A New Neighbor Moves In

By Elizabeth Farnsworth Gazette Contributing Writer

I have this really troublesome neighbor. First, right after he moves in, he clears most of the trees on his land. Then he dams up the stream that runs along our shared property boundary to create a pond, with no permit from the Conservation Commission. Sure enough, the water table in my basement is rising and, during heavy rains, our street floods! I guess I shouldn’t complain so libelously in a newspaper article. But I don’t have to worry – he can’t read English, or even speak Human. He’s a beaver.
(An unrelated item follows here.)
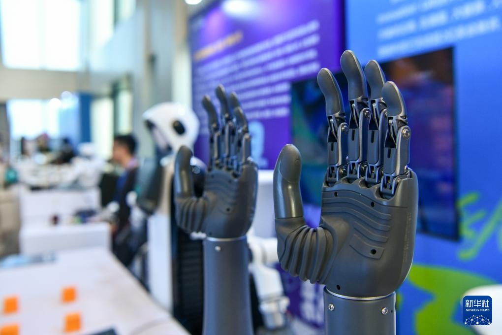 大会现场展示的智能机器人灵巧手产品(8月26日摄)。

Yes, beavers (Castor canadensis) can cause short-term problems for homeowners when they start to alter the hydrology of the neighborhoods we have built near their wetland habitats. They definitely live up to their reputation as busy, eager ecosystem engineers. They defy even our most high-tech attempts to knock down their dams or install “beaver-deceivers” to circumvent them. Beyond being befuddled by their landscape modifications, perhaps we are a little intimidated at how effective their almost- human ceaseless tinkering can be. But let’s take a closer look at this amazing mammal and the ways it has shaped human history and continues to help boost the biodiversity of all sorts of other creatures.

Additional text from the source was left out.